Review of Exit Through the Gift Shop

A documentary about the ridiculousness of the art world was referred to me by the other half of The Bungling Idiots, notorious ragers against the art circle jerk machine from our UMBC days. How could I resist.

I have already spoken about how I think the art culture is mostly just a circle jerk of snobs who bind together so tightly to the movement that the laymen figure all these people can’t possibly be wrong. And no, I am not necessarily more articulate than that. I need to focus my rants when the rage starts to reach critical levels. Anyway, this documentary was supposed to poke fun at the world of art and the guy who told me I needed to see Memento before it left the theaters recommended it to me. And I was able to stream it right to my iPad while sitting on my couch. OK. I’m sold.

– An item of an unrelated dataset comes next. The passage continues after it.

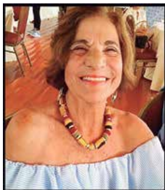
*Por Aciléa Pinto da Cunha

Nascemos um bebê lindo, risonho e feliz. Passamos a crianças cheias de vida e travessas, em seguida nos tornamos adolescentes, nos defrontando com livros, deveres e obrigações escolares.

It starts by following a guy who was doing a documentary on the world of street art, something he fell ass backwards into. That was interesting enough, showing the guy that made the Obama posters and the Space Invaders guy, etc. Then it turns out that Banksy, one of the bigger street artists was actually the mastermind, doing a documentary on this documentarian when he falls ass backwards (maybe it’s the way he walks) into a successful art career based on misinterpreted advice, mass marketing and the circle jerkers’ inability to admit to being duped (and tell they’re being duped).

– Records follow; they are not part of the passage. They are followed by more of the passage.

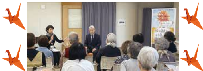
オレンジ大使講演会の様子

9月21日の「世界アルツハイマーデー」にちなみ、毎年この時期に「オレンジの輪プロジェクト」を実施しています。認知症の方もそのご家族も「誰もが安心して暮らせる町 新羽」として、地域の皆さんと一緒に認知症について考えています。認知症のシンボルカラーであるオレンジ色の鶴を折ってケアプラザに展示したり、ドキュメンタリー映画の上映会、認知症サポーター養成講座などを通じて認知症への理解の輪を広げていきます。取材日(10/22)は、認知症当事者である「かながわオレンジ大使」講演会でした。認知症だと自覚した瞬間の状況や、「認知症」の知識、早期発見、早期治療の重要性、家族との会話から理解を得るまでの過程などを聴きました。参加者の「知ることは大切、不安はあるがやれることをやっていきたい。」との前向きな感想も聞きました。
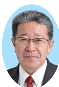
中村 庄一郎 (自由民主党新政会・現) 66歳
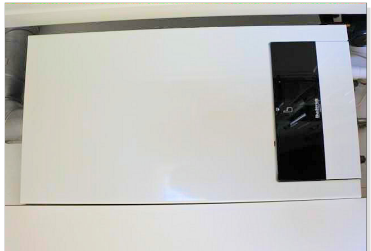
Neue Gasthermen 2020
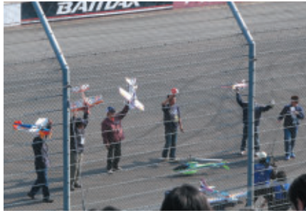
実機同様の曲技飛行を披露した ラジコン飛行機・ヘリコプターのデモンストレーションフライト

大会期間中には、アエロバティックスの競技そのものはもちろんのこと、会場内の様々な場所で航空機に関連するイベントが行われ、子供から大人まで幅広い年齢層のお客様が楽しめました。
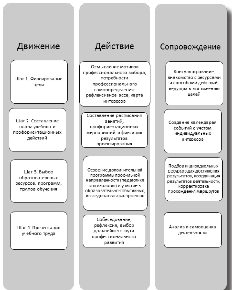
Рис. 1. Последовательность движения по индивидуальному образовательному маршруту

вания профильных классов педагогической направленности при университете через систему локальных актов вуза, правовой статус дополнительной общеразвивающей программы (педагогика и психология), прохождения профессиональных проб, а также индивидуального образовательного маршрута учащихся для получения качественного допрофессионального образования на основе персонализированных запросов, возможностей и потребностей обучающихся.

If this documentary is real (there is speculation that it isn’t, based on Banksy’s reputation), it encapsulates everything that is wrong with the art world and gives me an opening and closing argument in every conversation I have on this topic. Either way, it shines a white hot spotlight in the shape of Marcel Duchamp on art critics, collectors and fans and what they consider to be “art.” 7.5 bugs (out of 10).